Pattern languages are a proven approach to improving technical communication by organizing stereotypical solutions to recurring problems. Originally developed by architect Christopher Alexander for urban planning and building design, pattern languages have been successfully adapted to software engineering through influential works like the Gang of Four's "Design Patterns."

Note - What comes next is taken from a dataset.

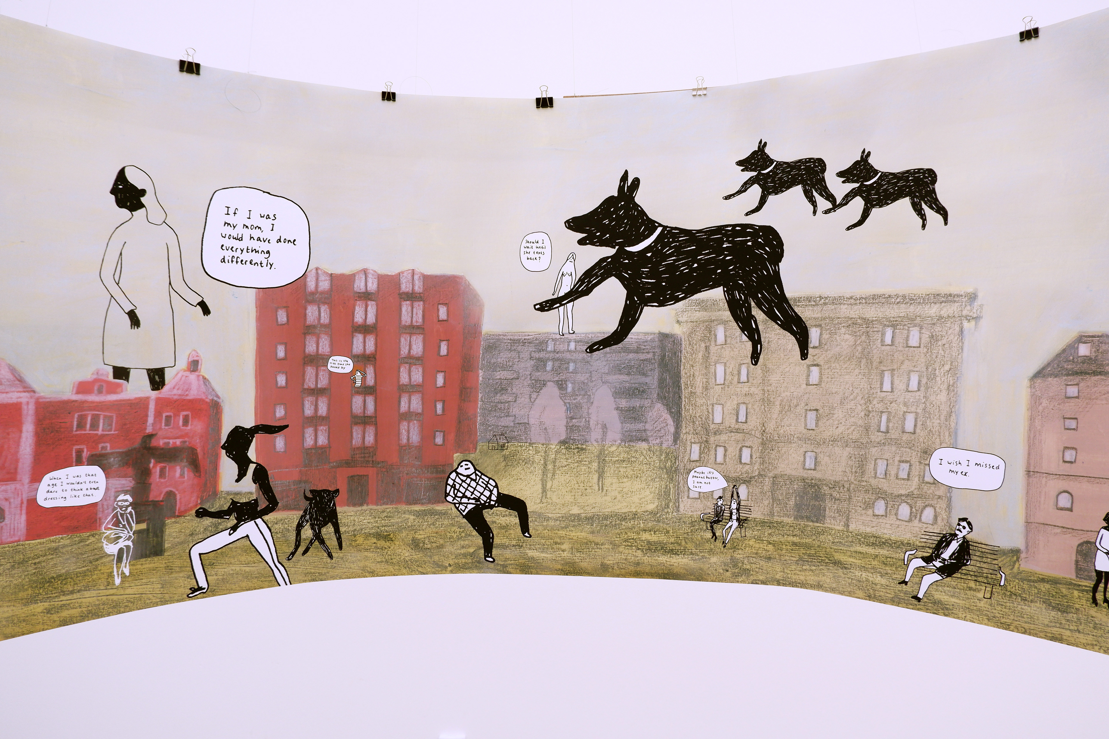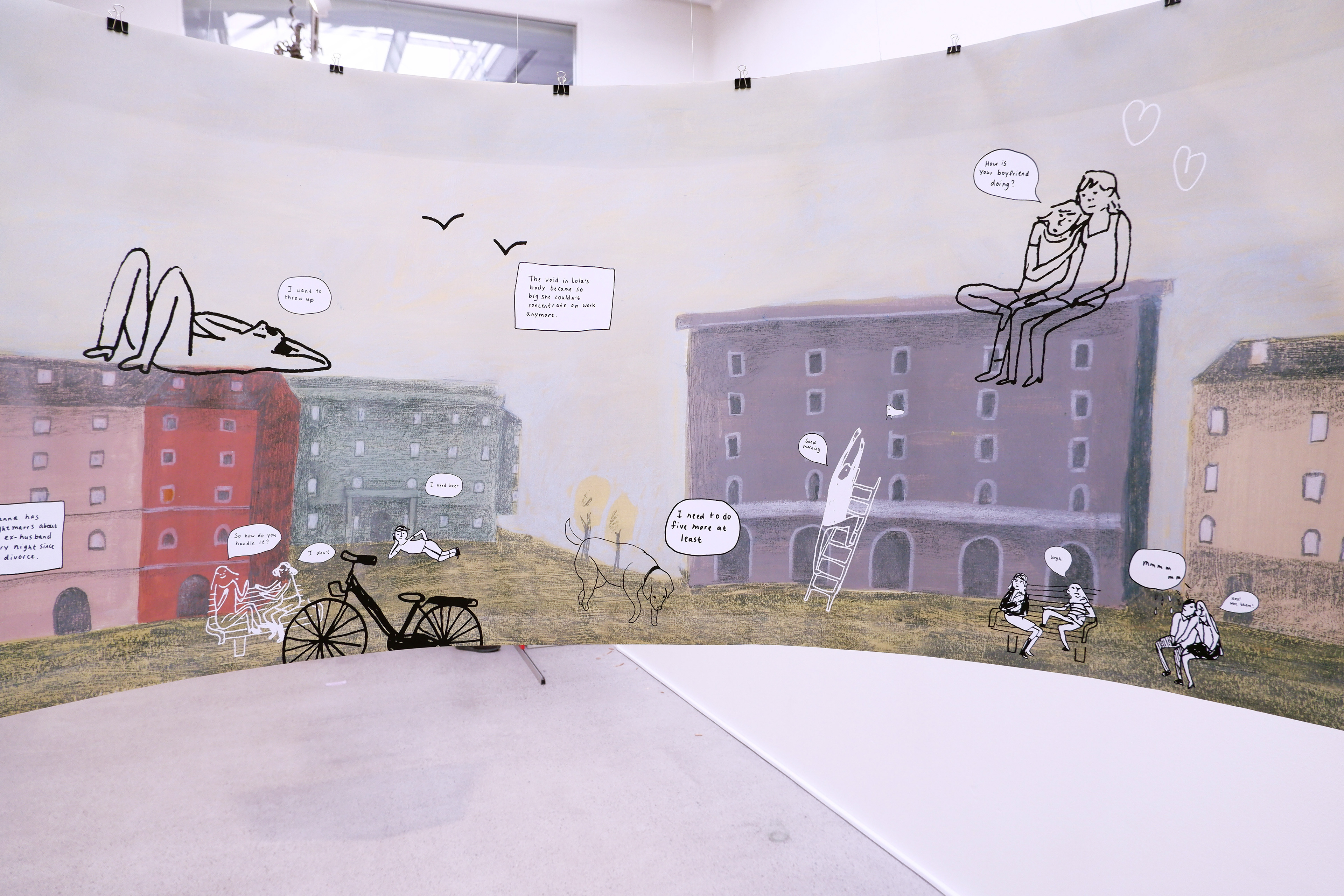 Sculptural comic about Karlaplan, a circle-shaped square located in Stockholm. Based on sketches of people having lunch around the square. Having just moved to a different country where I do not understand the language nor the culture, I tried to imagine what the people on the square where thinking of or talking about. Combining thoughts, fantasies and conversations to create a dream-like version of Karlaplan.

Why Pattern Languages Work

Pattern languages help teams by:

  • Establishing shared vocabulary - Common names for complex architectural concepts
  • Capturing proven solutions - Documenting what works in real-world implementations
  • Revealing relationships - Showing how individual patterns combine to solve larger problems
  • Accelerating decision-making - Providing tested approaches rather than starting from scratch
  • Facilitating knowledge transfer - Enabling experienced architects to share insights systematically

Why Patterns for FHIR?

Healthcare interoperability involves unique challenges that generic software patterns don't fully address. While traditional design patterns focus on general software architecture concerns, FHIR implementation patterns address the specific complexities of healthcare data exchange.

Getting Started

We recommend starting with the foundational concepts and building up:

  1. Forces Analysis - Understanding the specific problems, tensions, and context that drive the need for patterns
  2. Pattern Catalog - Comprehensive overview of all patterns, their philosophy, organization, and detailed descriptions

Pattern Structure

Each pattern in this collection follows a consistent structure derived from classical pattern literature:

  1. Intent - What specific problem does this pattern solve?
  2. Forces - What tensions and constraints drive the need for this pattern?
  3. Structure - Class diagrams showing the pattern's components
  4. Behavior - Sequence diagrams showing how the pattern works at runtime
  5. Implementation - Concrete guidance for implementing the pattern with FHIR
  6. Related Patterns - How this pattern combines with others in the healthcare context

Pattern-Based Approach

These patterns follow established software design pattern principles, making them familiar to developers while addressing healthcare-specific challenges like consent management, audit requirements, and multi-modal data integration.

Implementation Flexibility

These patterns are architectural templates, not rigid implementations. Adapt them to your specific technology stack, organizational constraints, and regulatory requirements.